Una strategia deliberata per addomesticare la scienza. Strategia che emerge, inequivocabile, nel 2018, durante il processo statunitense Johnson vs. Monsanto. Processo che si conclude nell’agosto di quell’anno, quando una corte californiana condanna Monsanto al risarcimento multimilionario di Dewayne Lee Johnson, un giardiniere scolastico colpito da un linfoma non hodgkin dopo anni di esposizione professionale a Roundup. I legali di Johnson, infatti, sono riusciti a dimostrare in aula come Monsanto fosse al corrente della pericolosità del suo prodotto e non avesse fatto nulla per avvertire i consumatori. A questo scopo, hanno fatto emergere diverse email compromettenti tra impiegati e dirigenti Monsanto, in cui l’azienda ammette gravi carenze di testing del prodotto, omissioni deliberate di dati tossicologici, pressioni esercitate sui regolatori, e ghost writing di articoli scientifici senza alcuna validità. I “Monsanto Papers”, li hanno chiamati.
«Anche noi abbiamo subìto forti pressioni. Ma i dati restano dati. E noi ci occupiamo di glifosato da più di un decennio, con rigore assoluto. Il nostro modello è solido, e i numeri sono numeri.» risponde la dottoressa Belpoggi quando le viene chiesto se teme i sistematici tentativi di screditare la ricerca scientifica indipendente. «L’Istituto Ramazzini non è un centro di ricerca qualsiasi. È una cooperativa sociale, con oltre 40.000 soci. I suoi studi sono finanziati in parte da donazioni libere e in parte da collaborazioni internazionali, prestigiosissime, tra cui quelle con il Boston College e con l’Heartland Study. In passato, i nostri dati si sono rivelati sempre attendibili e validi, e non è la prima volta che siamo alla ribalta per studi così innovativi e risultati così dirompenti. Non temiamo di essere screditati, per la stima che ha la popolazione del nostro lavoro e per il metodo rigoroso che applichiamo» aggiunge.

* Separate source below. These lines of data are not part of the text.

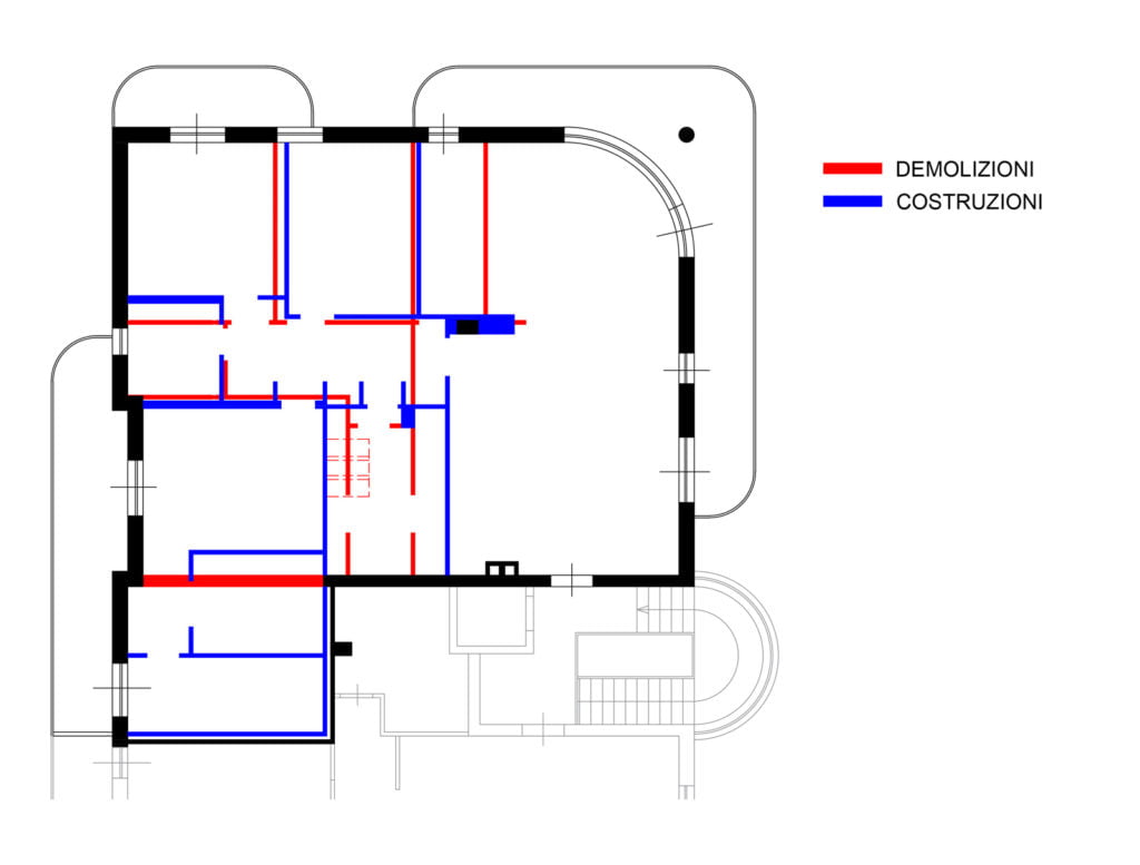 La prima fase di cantiere prevede la demolizione totale dei tramezzi, per dare maggiore libertà nella progettazione della fluidità ed ergonomia dello spazio, la demolizione dei massetti, delle pavimentazioni e dei relativi impianti.
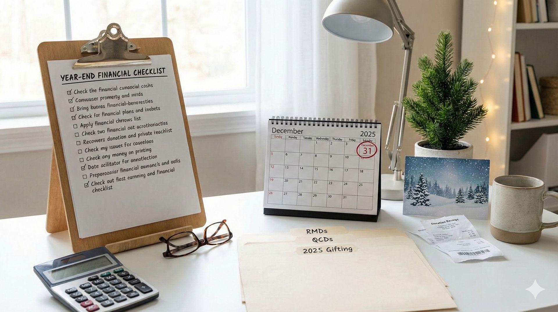 Year-end financial tasks matter more in retirement. If you're 73+, RMDs must be completed by Dec 31 to avoid penalties.
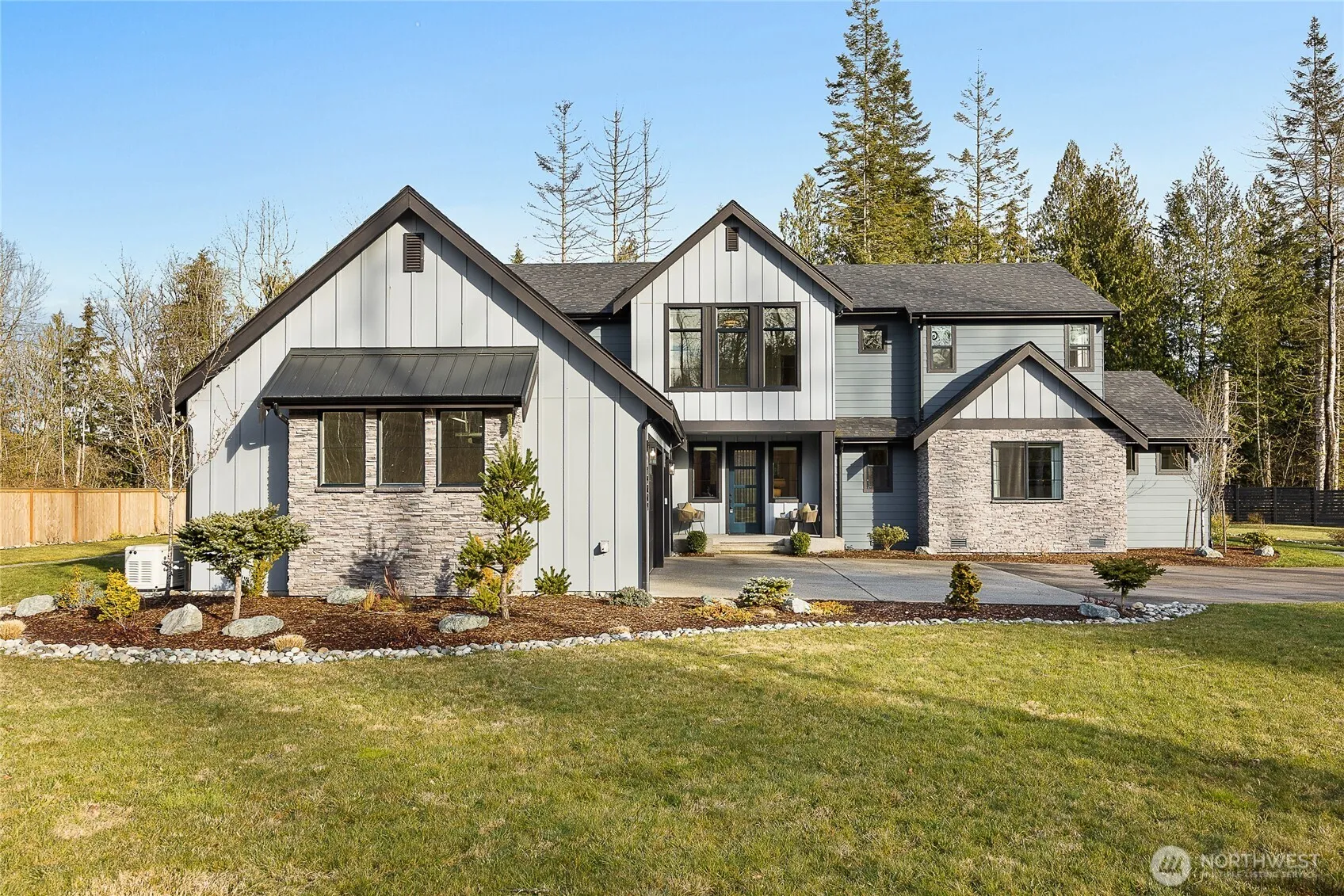 Welcome to Wild Sky Estates where elegance meets everyday life!! Gorgeous Home with the elusive Main Floor Primary Suite with spa inspired private bath, 9′ ceilings, Chef’s dream kitchen with high end appl, lg island, rich cabinetry, slab Quartz counters, designer finishes, huge WIP, Den/office, Laundry & Powder rm. Skybridge overlooks the Great Room with natural lighting, Stylish Fireplace which gives the room a cozy feeling. Covered outdoor living area with folding doors & glass panels & Stone gas FP for year round enjoyment. Upstairs- 2nd Primary suite, 2 more beds & generous bonus room. Included full-house Zone-controlled SunShades, Full house 26kw Generac generator, Professional landscaping with Gazebo with cedarwood patio!!
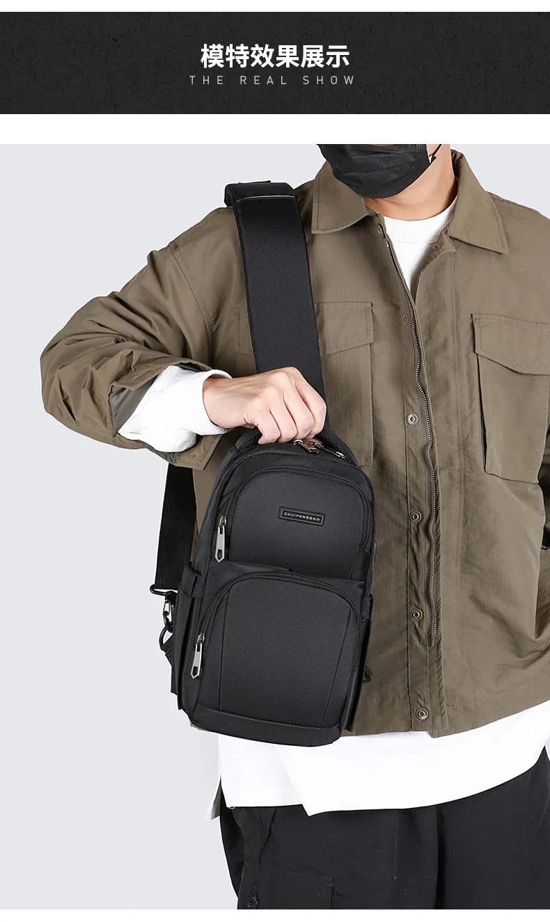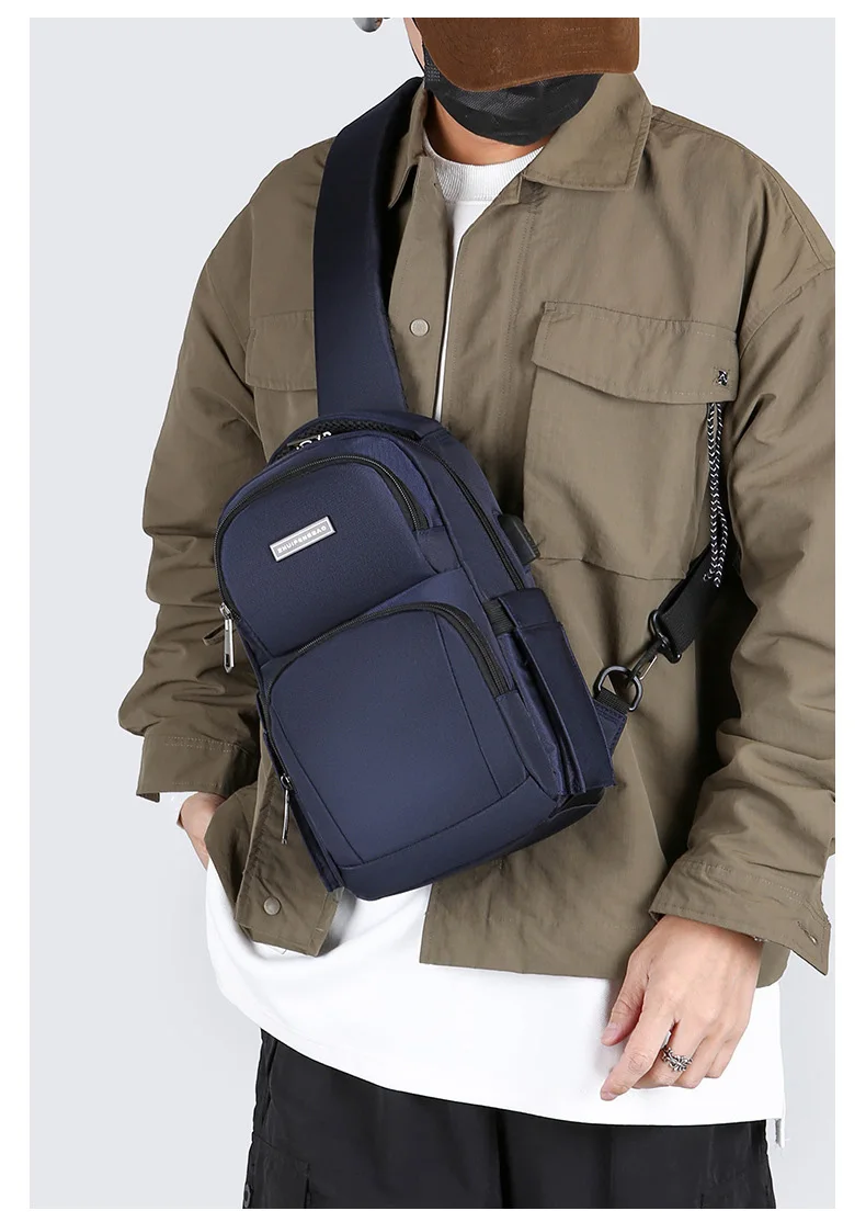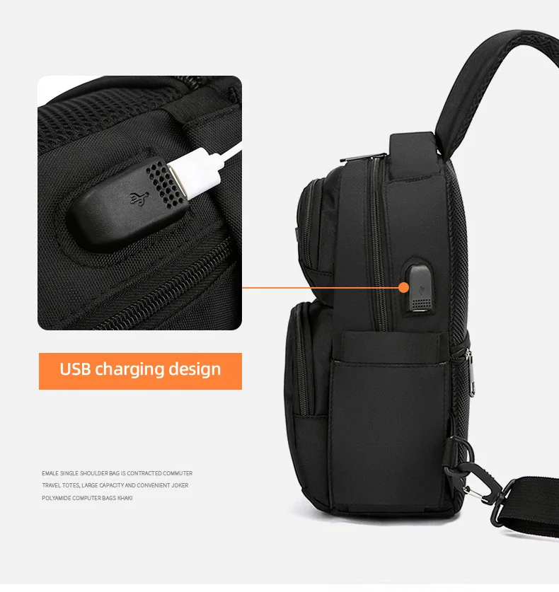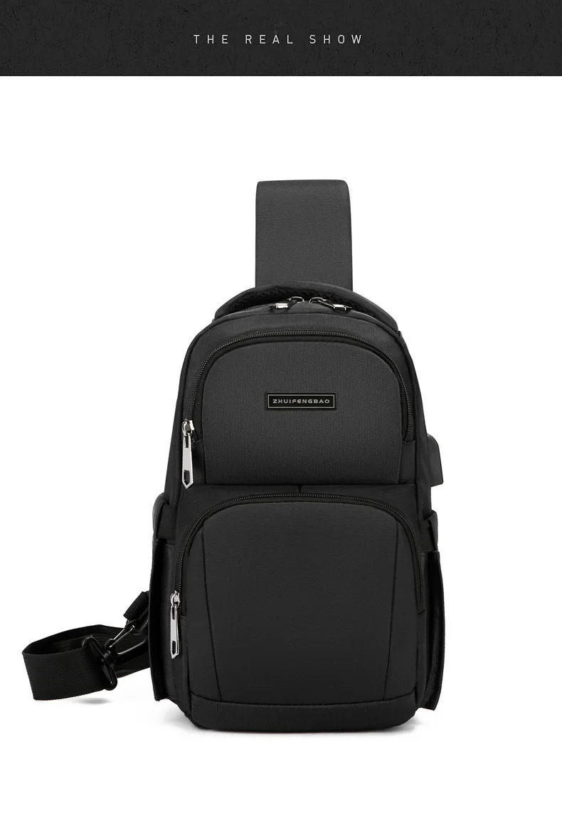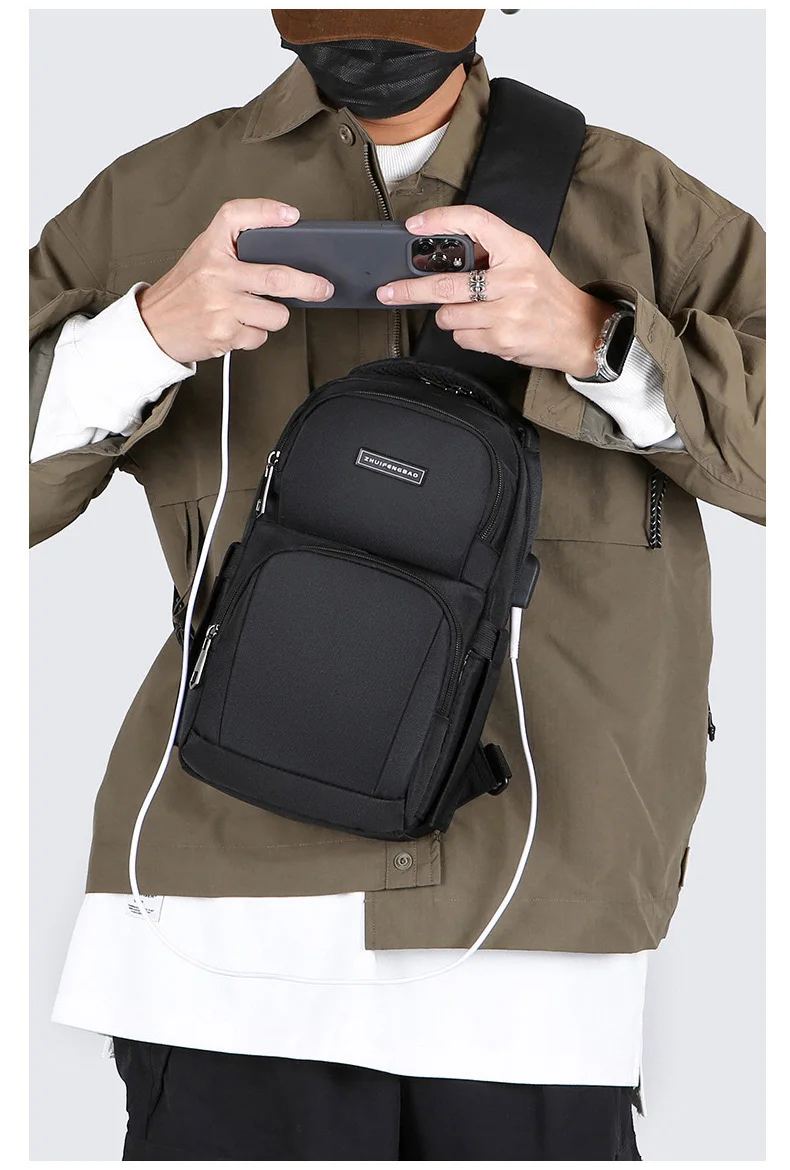 Bolso de pecho USB para hombre, mochila para hombre, bolso cruzado Diagonal de viaje, cien bolsos de hombro

E allora cosa può fare il consumatore per limitare la sua esposizione al glifosato, in attesa che i regolatori europei intervengano in maniera più decisiva per vietarne l’uso? Poco. Ma qualcosa, sì. «Conviene scegliere pasta prodotta con grano italiano, dove l’utilizzo del glifosato è limitato. In quella con grano canadese o americano sono state trovate tracce consistenti. Poi, preferire prodotti da agricoltura biologica, che è più controllata e che vieta del tutto l’utilizzo del glifosato. Favorire anche i grani antichi. E fare pressione sui Comuni perché vietino i diserbanti nocivi nei luoghi pubblici».
Ma sono solo argini fragili, nel mare di un’esposizione ubiquitaria: «Il glifosato è ormai diffuso in tutte le colture convenzionali. È stato rinvenuto nelle urine, nel sangue. Persino nel latte materno. È ovunque. Ed è pericolosissimo».